======== DATASET RECORDS ========

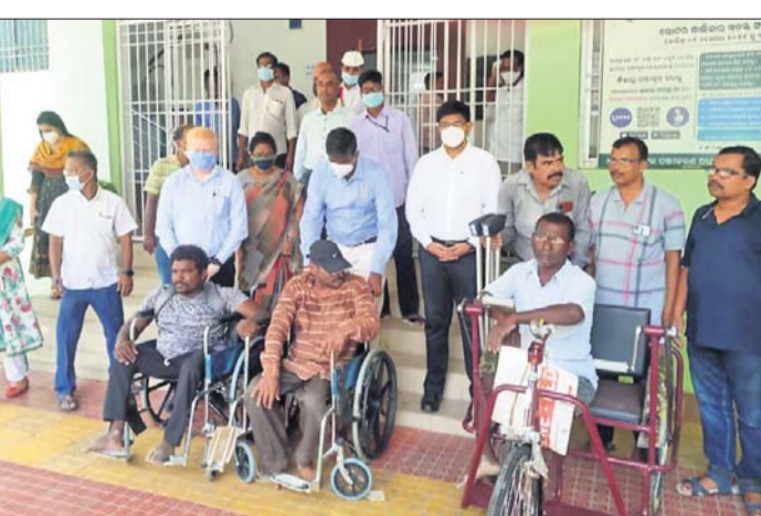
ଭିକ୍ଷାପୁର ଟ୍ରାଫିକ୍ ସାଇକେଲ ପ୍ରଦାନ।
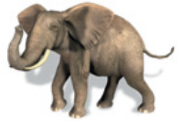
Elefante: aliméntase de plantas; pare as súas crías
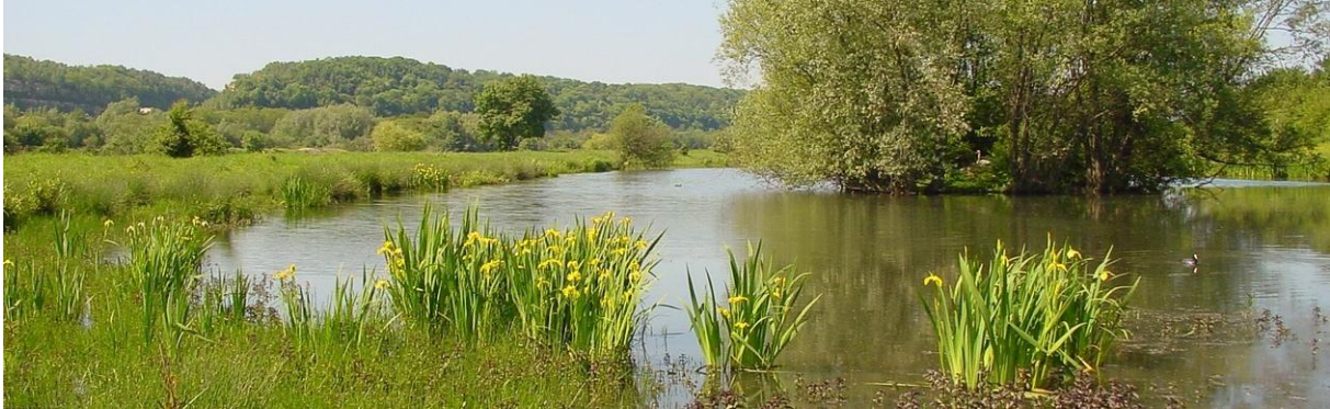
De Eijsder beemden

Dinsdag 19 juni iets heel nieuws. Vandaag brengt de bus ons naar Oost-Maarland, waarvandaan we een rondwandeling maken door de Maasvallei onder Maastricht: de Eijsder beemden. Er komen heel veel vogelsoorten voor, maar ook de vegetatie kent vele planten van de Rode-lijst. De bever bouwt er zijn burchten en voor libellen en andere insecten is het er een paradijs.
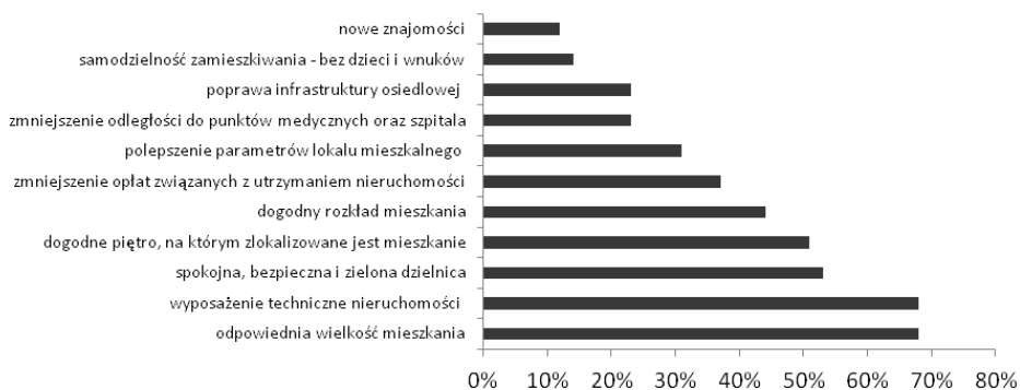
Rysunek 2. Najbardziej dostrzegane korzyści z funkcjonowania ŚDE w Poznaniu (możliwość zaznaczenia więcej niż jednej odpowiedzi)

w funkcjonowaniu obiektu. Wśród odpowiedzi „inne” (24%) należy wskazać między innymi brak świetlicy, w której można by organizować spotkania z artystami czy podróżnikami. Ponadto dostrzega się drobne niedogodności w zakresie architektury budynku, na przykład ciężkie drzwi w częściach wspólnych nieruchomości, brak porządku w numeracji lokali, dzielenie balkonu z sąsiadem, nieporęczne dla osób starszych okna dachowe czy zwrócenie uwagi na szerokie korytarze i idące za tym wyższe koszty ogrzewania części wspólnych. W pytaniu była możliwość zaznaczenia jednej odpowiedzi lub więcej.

========

▸ TASK DIRECTIONS: Your reply should hold every line from the data that contains "beemden", copied in full.

▸ RESPONSE BELOW:
De Eijsder beemden
Dinsdag 19 juni iets heel nieuws. Vandaag brengt de bus ons naar Oost-Maarland, waarvandaan we een rondwandeling maken door de Maasvallei onder Maastricht: de Eijsder beemden. Er komen heel veel vogelsoorten voor, maar ook de vegetatie kent vele planten van de Rode-lijst. De bever bouwt er zijn burchten en voor libellen en andere insecten is het er een paradijs.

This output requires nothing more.